• [Work order]: Copy the records below exactly, leaving out every picture.

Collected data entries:
▬▬▬▬▬▬

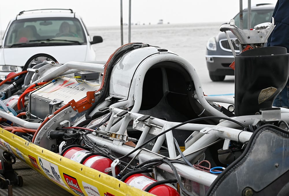 ReVolt’s Borysewicz, Greg Peek of American Track Roadster and engineer Trenton Wonsley patiently progressed through six stages of design and development in the seven or so weeks between the SCTA’s Speed Week and World Finals events. A homemade battery testing rig employing two heat guns and a toaster oven proved that the new battery pack could deliver maximum current without melt down. On the salt flats, a Tier 4 solar trailer provided the necessary energy to recharge the battery pack.
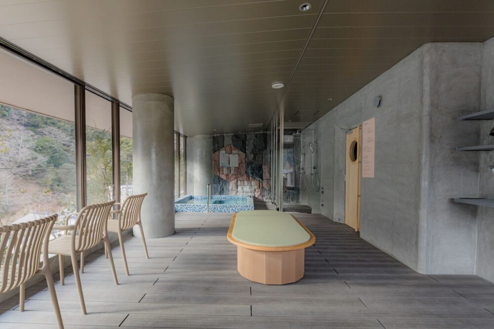 また、「恩湯」をぜひ体験して欲しいという想いから、館内にはあえて温泉を用意せず、代わりに宿泊者や地元の人々が楽しめるサウナを設けるなど、地域との連携を大切にしました。恩湯が源泉を男女で共有するように、サウナ室内は熱源を男女で共有しています。
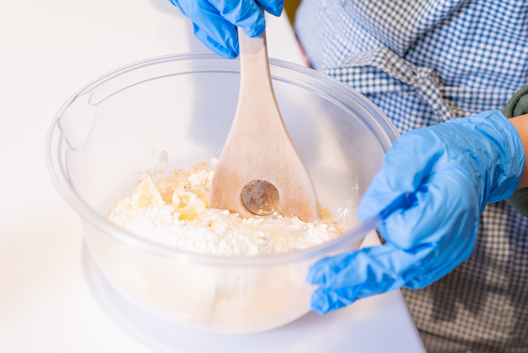 まずはパンの仕込みから。ボウルに強力粉をはじめとする材料を入れ、木べらで全体をよく混ぜます。この時、ボウルに漫然と材料を入れるのではなく、ちょっとしたコツを押さえると後の作業がスムーズになるようです。
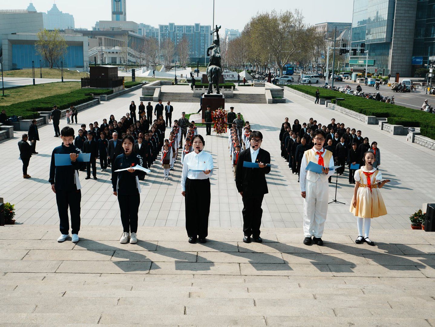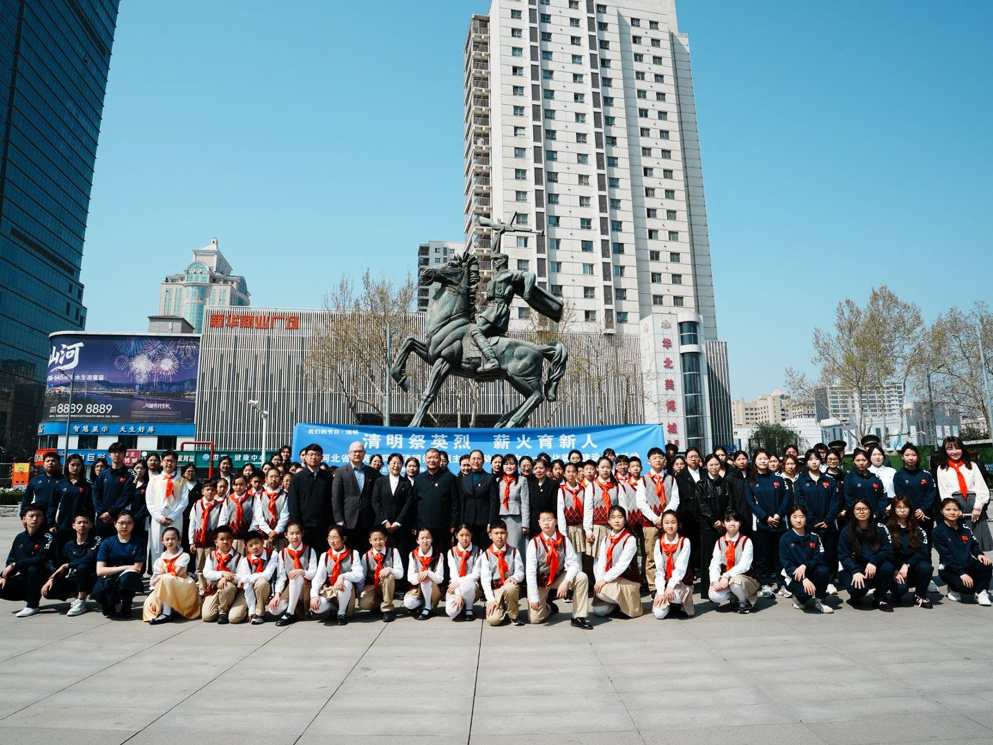 上午10时许,全体人员有序转场至石家庄解放纪念碑前,核心祭扫仪式正式启动。伴随庄严国歌,全场肃立致敬;一分钟默哀环节,哀思深沉、敬意绵长,全体师生向为民族独立、人民解放、国家富强英勇献身的革命先烈致以深切缅怀。“大手拉小手” 联合献词环节,学院学生代表与中小学生代表以青春之声诉说敬仰、以铿锵誓言承诺传承,字字句句饱含家国情怀。
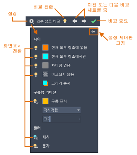 이제 도면 비교 기능과 유사하게, 현재 도면에서 외부 참조로 부착된 도면 파일에 대한 변경 사항을 비교할 수 있습니다.
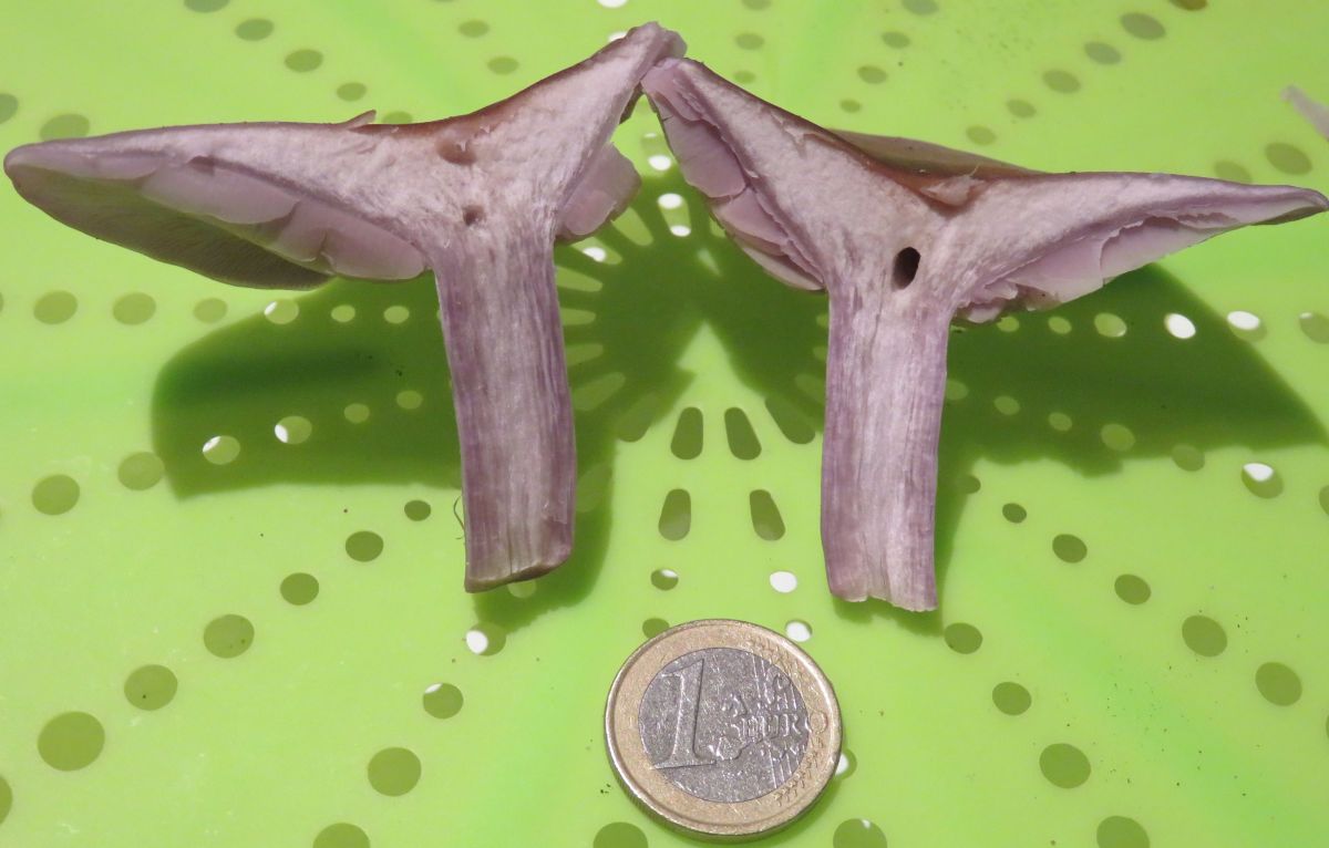 Wenn Lepista nuda irgendwie etwas zu klein ist und eher schmächtig und dabei eben nicht nach lepista nuda riecht, dann ist es eine lila Farbvariante von Lepista sordida (Schmutziger Rötelritterling). Wir hatten vorgestern einen solchen Fruchtkörper, du erinnerst dich?
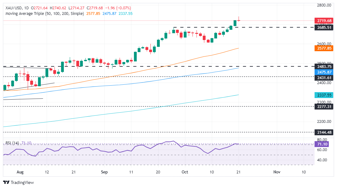 周一(10月21日)纽约交易时段,因美债收益率上升和美元走强,抵消了美国总统大选和中东战争带来的不确定性支撑,现货黄金在创下历史新高后大幅回落,最终当日收盘也转为下跌。 现货黄金在周一纽约时段早盘一度触及2740.58美元/盎司,创下纪录高位。但随后金价大幅下挫,纽约时段盘中金价最低一度跌至2714.13美元/盎司。 ![]() 截至周一收盘,现货黄金下跌约0.1%,报2719.49美元/盎司。 FXStreet分析师Christian Borjon Valencia指出,在周一的北美交易时段,黄金价格再创新高,但由于美国国债收益率上升和美元走强,金价暂停上涨。在过去的五个交易日里,中东的紧张局势和美国总统选举的不确定性增加了流向避险资产的资金。 10年期美债收益率升至12周高点,美元指数也上涨,这使得黄金对海外买家来说更加昂贵。 RJO Futures资深市场策略师Daniel Pavilonis表示:“10年期美国国债收益率大幅上升,美元指数走强,这给黄金价格带来一些压力。” 周一,美国10年期国债收益率飙升超过10个基点,达到4.192%。追踪美元对一篮子六种货币价值的美元指数(DXY)上涨0.50%,达到104.01的两个月新高。 分析师指出,尽管金价自高位出现回落,但美国大选不确定性和地缘政治紧张局势仍将给金价提供支撑。 作为政治和经济不确定性的避险工具,黄金今年以来已上涨超过32%,并多次打破历史新高,这主要是由于美联储的降息加上市场避险需求,为黄金创造了完美的上升风暴。 Pavilonis指出:“距离美国大选只有几周的时间了,我们看到中东的地缘政治局势在发酵,无论是以色列、伊朗,或是其他幕后在发生的事情。” 随着美国总统大选不到两周即将到来,特朗普与哈里斯陷入激烈的拉锯战,力图在一些竞争激烈的州赢得选票。 中东的敌对行动继续进行,以色列透露,一枚来自黎巴嫩的炮弹击中了以色列中部的一片开阔地区。与此同时,伊朗驻联合国特使说,拜登在柏林关于以色列计划袭击伊朗的言论是“煽动性的”。 如何交易黄金? FXStreet分析师Christian Borjon Valencia指出,金价势将延续涨势,不过“墓碑十字线”(Gravestone Doji)形态可能为金价回撤打开大门。 Valencia称,势头显示,买家仍在掌控市场,但相对强弱指数(RSI)显示,他们正在失去一些动力。尽管RSI看涨,但已经持平。 Valencia指出,如果金价攻克10月21日高点2740美元/盎司,那么下一个目标将是2750美元/盎司,然后是2800美元/盎司。 ![]() (现货黄金日线图 ) 另一方面,Valencia补充道,如果金价从历史高位回落至2700美元/盎司下方,则可能为进一步回调铺平道路。在这种情况下,金价首个支撑位将是10月17日高点2696美元/盎司,随后是10月4日高点2670美元/盎司。 |
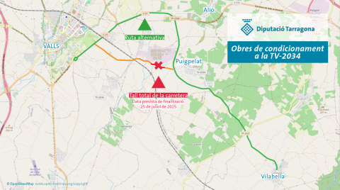 Per les obres de reforç de ferm que s’estan duent a terme a la carretera T-740, entre Falset i Porrera, la via romandrà tallada en la seva totalitat en ambdós sentits des del dilluns 15 dins al divendres 19 de juliol.
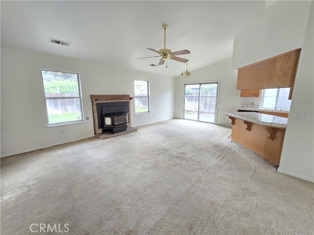 Inside, you’ll find an open floor plan, high ceilings, and a cozy wood-pellet fireplace in the living room. The dining area overlooks the living space, making it perfect for everyday living or hosting. Exterior features a concrete tile roof, low-maintenance backyard for relaxing, and a convenient rear garage access shared with the nearby Yosemite townhomes. Don’t miss this opportunity to call this home yours.
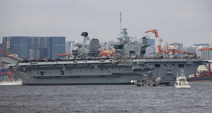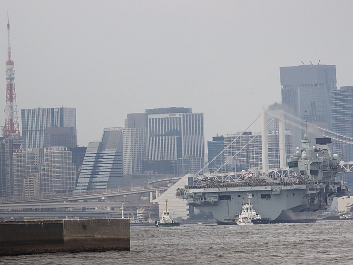 (上與下二張)2025年8月28日,威爾斯親王號(HMS Prince of Wales R09)駛入東京灣。攝於東京城南島。
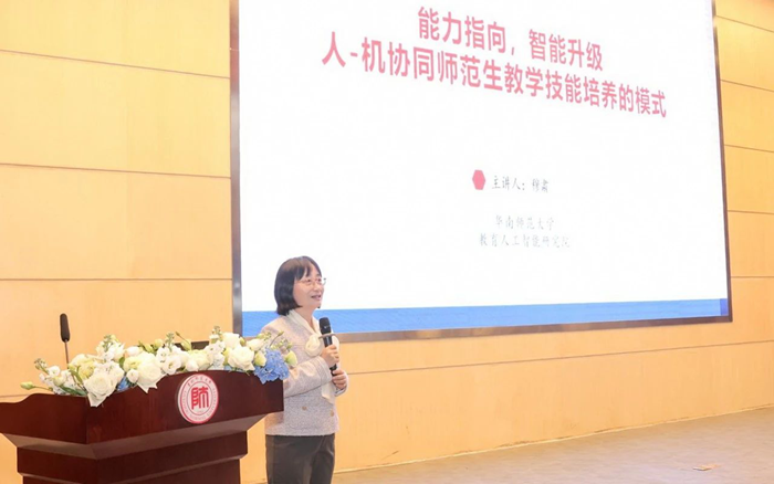 華南師范大學教育人工智能研究院副院長穆肅教授作為特約專家,做題為“能力指向,智能升級,人-機協同師范生教學技能培養的模式”的主題報告。
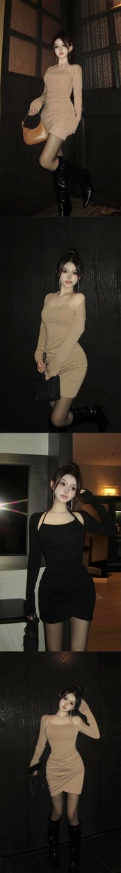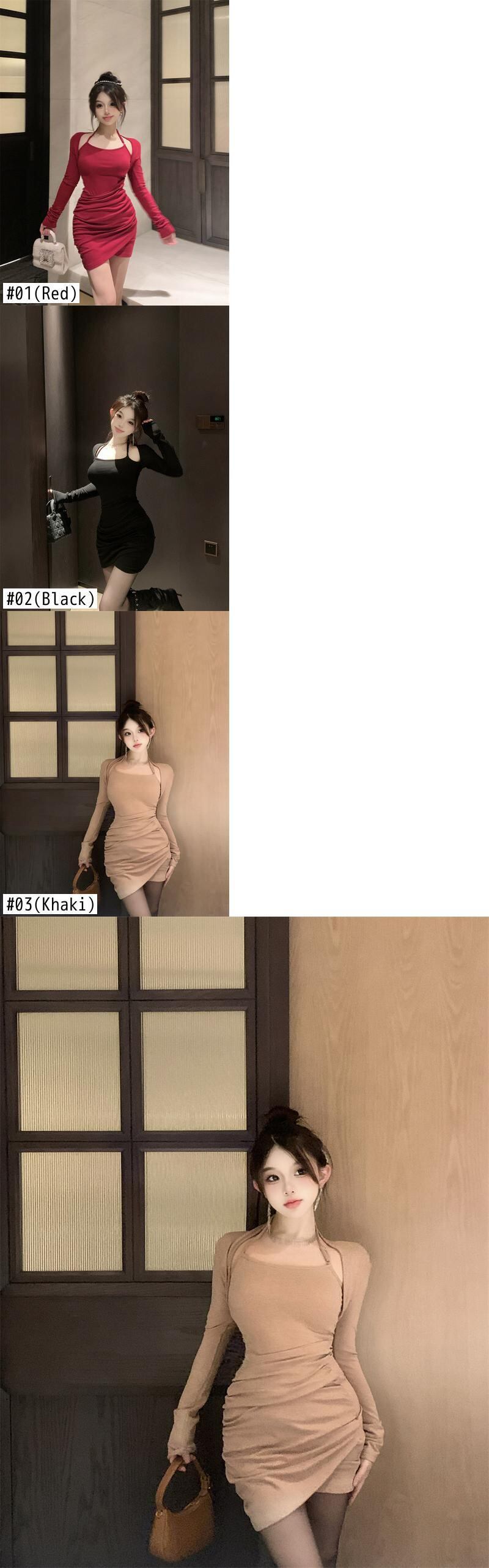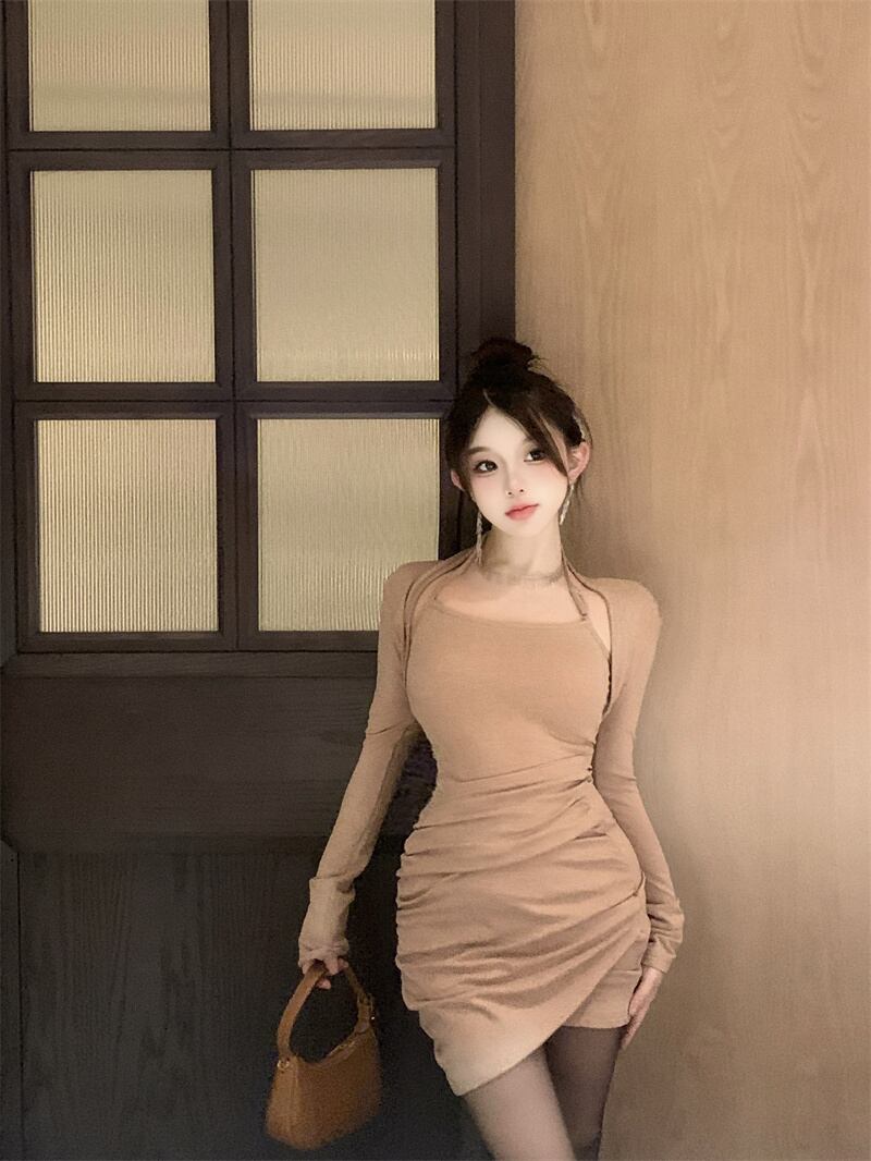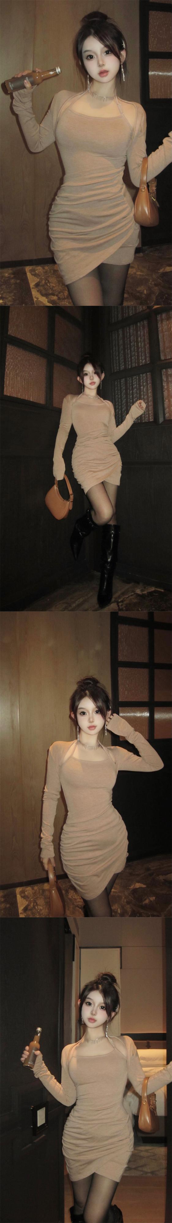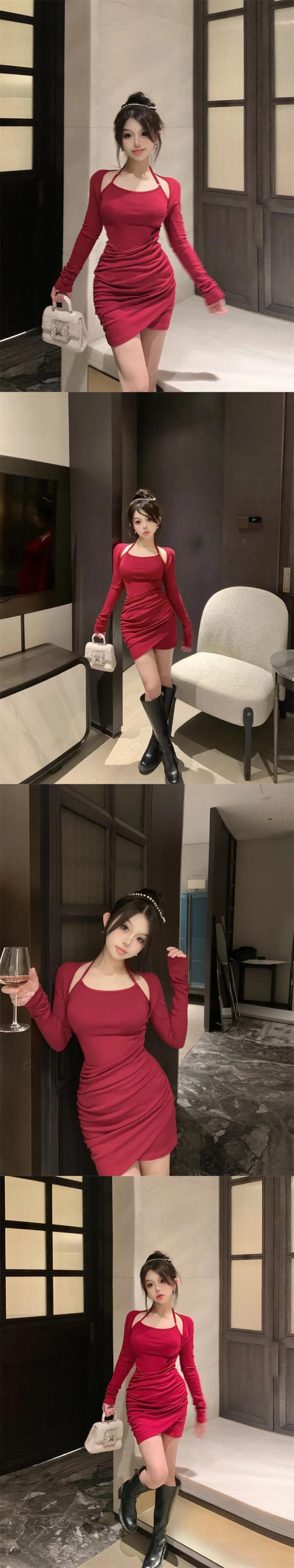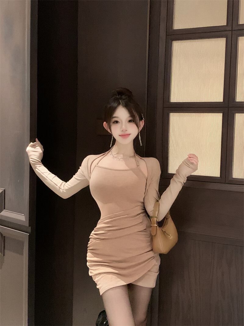 ホットガール偽 2 ピースホルターネックドレス秋と冬長袖プリーツタイトラップヒップショートドレス ロング オータム 秋物 ウィンター 冬物
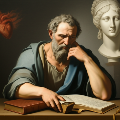 (Image: A detailed, intricate depiction of a cosmic spiral galaxy, its myriad stars and nebulae stretching into the vast unknown. In the foreground, subtle celestial light illuminates a solitary, contemplative figure, robed in ancient attire, gazing upwards with a mixture of awe and profound thought. The background suggests an infinite expanse of space, hinting at the boundless nature of the universe and the divine.)

▬▬▬▬▬▬

• [Exercise solution]:
 ReVolt’s Borysewicz, Greg Peek of American Track Roadster and engineer Trenton Wonsley patiently progressed through six stages of design and development in the seven or so weeks between the SCTA’s Speed Week and World Finals events. A homemade battery testing rig employing two heat guns and a toaster oven proved that the new battery pack could deliver maximum current without melt down. On the salt flats, a Tier 4 solar trailer provided the necessary energy to recharge the battery pack.
 また、「恩湯」をぜひ体験して欲しいという想いから、館内にはあえて温泉を用意せず、代わりに宿泊者や地元の人々が楽しめるサウナを設けるなど、地域との連携を大切にしました。恩湯が源泉を男女で共有するように、サウナ室内は熱源を男女で共有しています。
 まずはパンの仕込みから。ボウルに強力粉をはじめとする材料を入れ、木べらで全体をよく混ぜます。この時、ボウルに漫然と材料を入れるのではなく、ちょっとしたコツを押さえると後の作業がスムーズになるようです。
 上午10时许,全体人员有序转场至石家庄解放纪念碑前,核心祭扫仪式正式启动。伴随庄严国歌,全场肃立致敬;一分钟默哀环节,哀思深沉、敬意绵长,全体师生向为民族独立、人民解放、国家富强英勇献身的革命先烈致以深切缅怀。“大手拉小手” 联合献词环节,学院学生代表与中小学生代表以青春之声诉说敬仰、以铿锵誓言承诺传承,字字句句饱含家国情怀。
 이제 도면 비교 기능과 유사하게, 현재 도면에서 외부 참조로 부착된 도면 파일에 대한 변경 사항을 비교할 수 있습니다.
 Wenn Lepista nuda irgendwie etwas zu klein ist und eher schmächtig und dabei eben nicht nach lepista nuda riecht, dann ist es eine lila Farbvariante von Lepista sordida (Schmutziger Rötelritterling). Wir hatten vorgestern einen solchen Fruchtkörper, du erinnerst dich?
 周一(10月21日)纽约交易时段,因美债收益率上升和美元走强,抵消了美国总统大选和中东战争带来的不确定性支撑,现货黄金在创下历史新高后大幅回落,最终当日收盘也转为下跌。 现货黄金在周一纽约时段早盘一度触及2740.58美元/盎司,创下纪录高位。但随后金价大幅下挫,纽约时段盘中金价最低一度跌至2714.13美元/盎司。 ![]() 截至周一收盘,现货黄金下跌约0.1%,报2719.49美元/盎司。 FXStreet分析师Christian Borjon Valencia指出,在周一的北美交易时段,黄金价格再创新高,但由于美国国债收益率上升和美元走强,金价暂停上涨。在过去的五个交易日里,中东的紧张局势和美国总统选举的不确定性增加了流向避险资产的资金。 10年期美债收益率升至12周高点,美元指数也上涨,这使得黄金对海外买家来说更加昂贵。 RJO Futures资深市场策略师Daniel Pavilonis表示:“10年期美国国债收益率大幅上升,美元指数走强,这给黄金价格带来一些压力。” 周一,美国10年期国债收益率飙升超过10个基点,达到4.192%。追踪美元对一篮子六种货币价值的美元指数(DXY)上涨0.50%,达到104.01的两个月新高。 分析师指出,尽管金价自高位出现回落,但美国大选不确定性和地缘政治紧张局势仍将给金价提供支撑。 作为政治和经济不确定性的避险工具,黄金今年以来已上涨超过32%,并多次打破历史新高,这主要是由于美联储的降息加上市场避险需求,为黄金创造了完美的上升风暴。 Pavilonis指出:“距离美国大选只有几周的时间了,我们看到中东的地缘政治局势在发酵,无论是以色列、伊朗,或是其他幕后在发生的事情。” 随着美国总统大选不到两周即将到来,特朗普与哈里斯陷入激烈的拉锯战,力图在一些竞争激烈的州赢得选票。 中东的敌对行动继续进行,以色列透露,一枚来自黎巴嫩的炮弹击中了以色列中部的一片开阔地区。与此同时,伊朗驻联合国特使说,拜登在柏林关于以色列计划袭击伊朗的言论是“煽动性的”。 如何交易黄金? FXStreet分析师Christian Borjon Valencia指出,金价势将延续涨势,不过“墓碑十字线”(Gravestone Doji)形态可能为金价回撤打开大门。 Valencia称,势头显示,买家仍在掌控市场,但相对强弱指数(RSI)显示,他们正在失去一些动力。尽管RSI看涨,但已经持平。 Valencia指出,如果金价攻克10月21日高点2740美元/盎司,那么下一个目标将是2750美元/盎司,然后是2800美元/盎司。 ![]() (现货黄金日线图 ) 另一方面,Valencia补充道,如果金价从历史高位回落至2700美元/盎司下方,则可能为进一步回调铺平道路。在这种情况下,金价首个支撑位将是10月17日高点2696美元/盎司,随后是10月4日高点2670美元/盎司。 |
 Per les obres de reforç de ferm que s’estan duent a terme a la carretera T-740, entre Falset i Porrera, la via romandrà tallada en la seva totalitat en ambdós sentits des del dilluns 15 dins al divendres 19 de juliol.
 Inside, you’ll find an open floor plan, high ceilings, and a cozy wood-pellet fireplace in the living room. The dining area overlooks the living space, making it perfect for everyday living or hosting. Exterior features a concrete tile roof, low-maintenance backyard for relaxing, and a convenient rear garage access shared with the nearby Yosemite townhomes. Don’t miss this opportunity to call this home yours.
 (上與下二張)2025年8月28日,威爾斯親王號(HMS Prince of Wales R09)駛入東京灣。攝於東京城南島。
 華南師范大學教育人工智能研究院副院長穆肅教授作為特約專家,做題為“能力指向,智能升級,人-機協同師范生教學技能培養的模式”的主題報告。
 ホットガール偽 2 ピースホルターネックドレス秋と冬長袖プリーツタイトラップヒップショートドレス ロング オータム 秋物 ウィンター 冬物
 (Image: A detailed, intricate depiction of a cosmic spiral galaxy, its myriad stars and nebulae stretching into the vast unknown. In the foreground, subtle celestial light illuminates a solitary, contemplative figure, robed in ancient attire, gazing upwards with a mixture of awe and profound thought. The background suggests an infinite expanse of space, hinting at the boundless nature of the universe and the divine.)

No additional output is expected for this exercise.